Easy if you are near hot water.
No. I've tried it. I've tried pretty much everything except drilling the bucket for a tire valve and using an air compressor.
The problem is the side forces. If the two buckets were exactly centered together, concentric around a common vertical axis, then the only forces resisting would be the friction from the point where the bottom of one contacts the side of the other.
But that's not how buckets nest. One is always tipped slightly, and that makes it near impossible to extract.
Try it yourself with a couple of plastic drinking glasses.
If they're not too fragile after having been outside in the sun for ages, I sometimes throw them onto concrete or the hardest soft ground I can find.
It only works about 1/2 the time (never on the strongest bonds). Then I pry.
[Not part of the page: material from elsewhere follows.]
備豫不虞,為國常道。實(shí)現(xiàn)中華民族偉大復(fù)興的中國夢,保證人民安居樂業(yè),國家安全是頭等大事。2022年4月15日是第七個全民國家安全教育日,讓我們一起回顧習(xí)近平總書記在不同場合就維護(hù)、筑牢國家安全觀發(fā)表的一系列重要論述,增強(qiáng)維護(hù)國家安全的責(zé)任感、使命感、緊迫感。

When I ponder drilling a hole in the bottom to insert an M80, I give up.
But I agree with all that sometimes they're damn hear impossible to separate and I always wondered how the friction could be that super glue strong.
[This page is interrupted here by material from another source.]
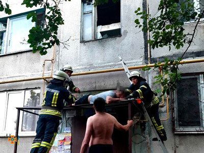12 июля в 16:52 диспетчер Службы спасения получил сообщение о том, что на улице Калмыкова в Константиновке на козырьке подъезда находится мужчина, который нуждается в медицинской помощи.
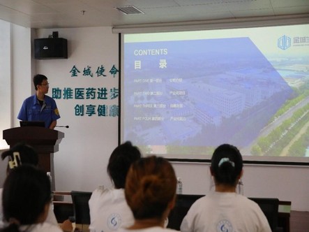 首先,工程师对于实践团的到来表示欢迎,他带领实践团成员来到会议室进行座谈交流。实践团了解到,金城医药是一家涵盖医药中间体、特色原料药、终端制剂三个重点领域,集药品研发、生产、销售于一体的医药企业集团,主要产品涉及抗感染类、妇儿专科类、肝病类、消化类及营养保健品等多个领域,致力于为客户和大众提供高品质的医药健康产品,持续提高产品可及性,改善大众生活质量,成为医药健康领域广受尊重的企业。金城生物是全球最大的谷胱甘肽原料药生产商,国内首家将谷胱甘肽产业化公司,并主导起草了谷胱甘肽原料药国家标准。品牌定位是通过绿色成熟的合成生物学技术及产业化创新能力,开发并生产生物大健康领域的系列化学品,为全球客户带来超乎预期的价值,持续造福社会。

To KEEP them from sticking put a piece of cord, or even a "slat" of corrugated cardboard between the buckets when you stack them and they will come apart slick as goose poop
...or a small length of 2 x 3, 4, etc.
Makes the stack a little taller but they don't even think about sticking.
I looked up "tubafor" and nothing addresses this issue. What are you talking about!
Good idea, done this - trouble is if you plan on hauling/holding liquids, they will leak - just be prepaired to patch with a little silicon!
What the heck is a tubatoo?
Great idea!!
A stick of lumber tu nominal inches by for nominal inches.
Just throw a huink of twine over the edge of each bucket before stacking them and they come apart like butter.